One of the biggest culprits of truely awful programs are graphics card makers. I bet they all know algos, the problem is that they think they know how to program when they're little more than amateurs or hobbyists.


I can do time complexity etc. I know about compilers, trees, graphs & other shit data structures and I can read academic papers on any new shit with a comfortable head. I can learn any new imperative, oop or functional language in a week.

But I still can't find a job in Google.


Because small to medium sized companies are looking for people to help grow their business and revenue.

Large companies tend to already have very stable revenue and now need people to make their systems more efficient in order to decrease expense.


As evidenced by countless anecdotes and accounts by people who used to work at these companies, they don't. It's not about needing that knowledge, it's about removing those people from the employee pool available to competitor companies and the entrepreneur class.


I suspect when they search for it they're going to find their own published writings/blogs ;)

I do think some people at FB/Google need to know this stuff cold, but even that isn't going to be 100% of their engineers.


Agreed. I think there's a tinge of arrogance to the claim that Google/FB/what have you need The Best(tm) while everyone else does not.

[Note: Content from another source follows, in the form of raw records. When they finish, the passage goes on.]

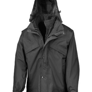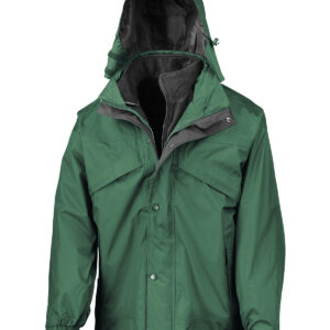 Double stitched taped seams. Concealed fully featured hood in collar with chin guard and shockcord adjuster. Full front heavy duty 2-way zip fastening. Zip and clip system for attached to inner jacket. 2 spacious side pockets and 2 spacious chest pockets. Elasticated cuffs with tear release adjusters. Adjustable shockcord hem and stud closing double storm flap. Underarm ventilation eyelets. Wrinkle/crease resistant fabric. High zip through collar with shockcord adjusters. Stud closing double storm flap. Inner jacket. 2 spacious side pockets. Full front zip fastening. Elasticated cuffs. Contains recycled material.Decoration Guidelines:Decorating methods: Outer: Embroidery, Transfer print & Screen print transfer. Inner: Embroidery & Transfer print. Decorators access point: Concealed Inner back & left chest zips.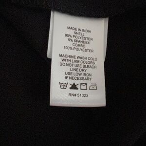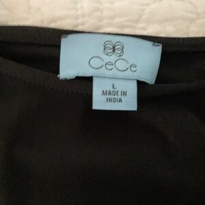 Black CeCe top with 3/4 sleeves. The sleeve material is slightly see through which dresses it up a bit. This would be good for dressing up or down. The size is large and sits at the hip area.
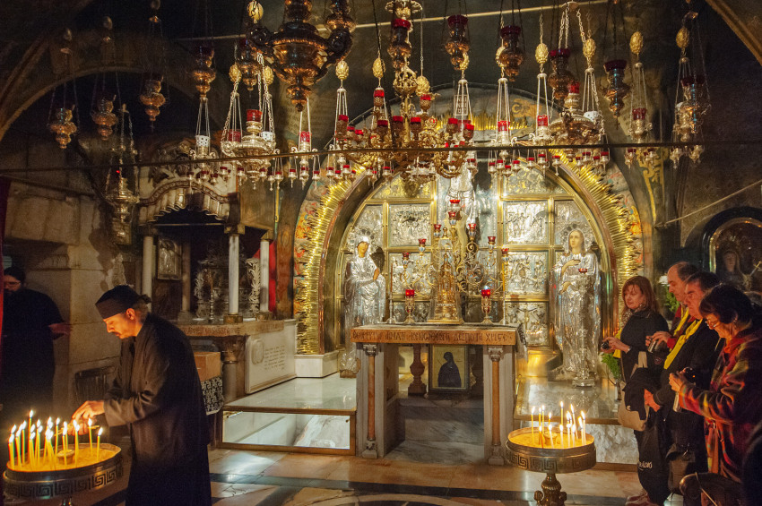 Bizony, ott van a születés helyének közelében a szenvedés hegye, a keresztre feszítés sziklája, a Szent Sír barlangja. Mélyen átérezte ezt a közelséget Szent II. János Pál pápa is 2000-ben, a jubileumi szentévben. Betlehemben mondott homíliájában utal erre: „Jézus bölcsője mindig a kereszt árnyékában van. A betlehemi születés csöndje és szegénysége egy valóságot alkot a Kálvária fájdalmaival, sötétjével és halálával. A bölcső és a kereszt a megváltó szeretetnek egy és ugyanazon misztériuma; a test, amit Mária jászolba fektetett, azonos a kereszten föláldozott testtel.” A fájdalmas titkokat felidézve a jeruzsálemi Szent Sír-templomban a Golgota sziklájához érinthetjük olvasónkat. Majd néhány lépés, és az élet győzelmének helyszínére érkezünk, a Szent Sír barlangjába, ahol Jézus holtteste nyugodott, és ahonnan a feltámadás dicsőségébe lépett. Ez itt a dicsőséges szentolvasó első állomása.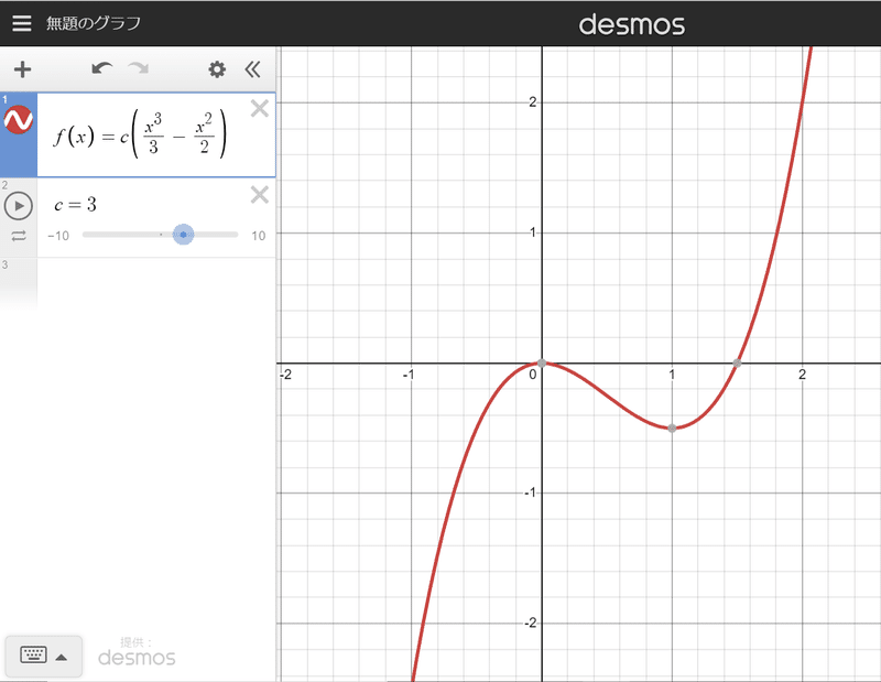 $${c\left(\frac{z^3}{3}-\frac{z^2}{2}\right)}$$という関数は、今までのものとは違い臨界点が2個あります。

The reality is that there are some jobs (a small minority) at these companies that require incredibly deep algorithmic knowledge - they really do do some complicated things.

But the majority of jobs at TwitGooFace are your run of the mill programming jobs, where the requirement and the reality don't call for anyone at that level, and hiring someone at that level is just going to make them bored. Indeed, the vast majority of people I know at these companies aren't algorithmic encyclopedia, they're just solidly competent engineers.

Having worked at a "AAA" tech giant and many more places across the country, I'm happy to report that for the most part there's nothing exceptional about Silicon Valley jobs and what they require. For the most part, barring a minority of highly specialized high-level positions, engineering ability trumps computer science knowledge.


The thing is, that 0.1% would probably be better off just looking for a Math PhD. I suspect it is much easier to teach a mathematician C (Or Python/Haskell/OCaml/Java) than a programmer real math.


Math guy here, spent the last year writing high-performance ODE integrators that run on graphics cards. No formal background in CS at all. Hiring maths people to write performative algorithms is more common than not.


The problem is that Math PhDs tend to be arrogant and think that programming is for monkeys and they are above that. Code that they produce tends to be sub-par and under-tested (because they are above writing unit-tests).

Source: worked with multiple Math PhDs. Have a few friends who are Math PhD working on some esoteric problems that I could not understand.


I think you are drawing conclusions from a small sample size. I've had the exact opposite experience.


They can do the algorithms, but they don't engineer, imho.


"For the most part, barring a minority of highly specialized high-level positions, engineering ability trumps computer science knowledge."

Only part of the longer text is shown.